__ABOUT THIS TASK__: Every line from the one with "1、背包乱斗目前的价格是37.8元,3月23日后会恢复原价。" to the end of the listing, and nothing else, is to be printed exactly; please leave the pictures out.

__THE DATA__:
————————
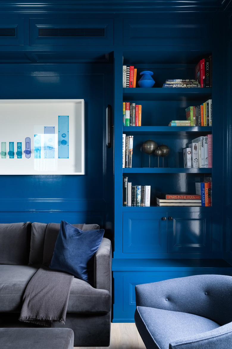 If you're going to experiment with rich blue paint colors, don't hold back. Take Chango & Co.'s lead and heavy up on the hue with a dark jewel-tone finish and then designate it for the walls, furniture, and even the decor. In fact, it's arguably one of the few colors on the spectrum that you can do that with and it won't feel like a staged art exhibit. Just keep your palette reserved to three or four tones for a cohesive tone-on-tone finish.
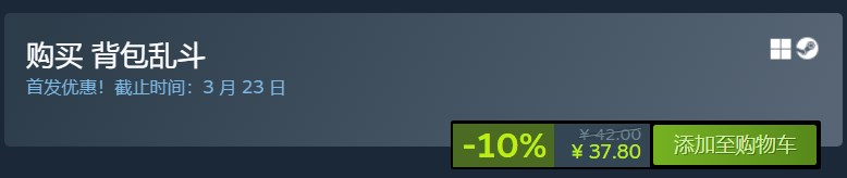 1、背包乱斗目前的价格是37.8元,3月23日后会恢复原价。
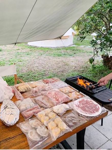👉代訂的烤肉食材種類豐富新鮮,傍晚準備生火來烤肉
————————
__COMPLETED TASK__:
 1、背包乱斗目前的价格是37.8元,3月23日后会恢复原价。
👉代訂的烤肉食材種類豐富新鮮,傍晚準備生火來烤肉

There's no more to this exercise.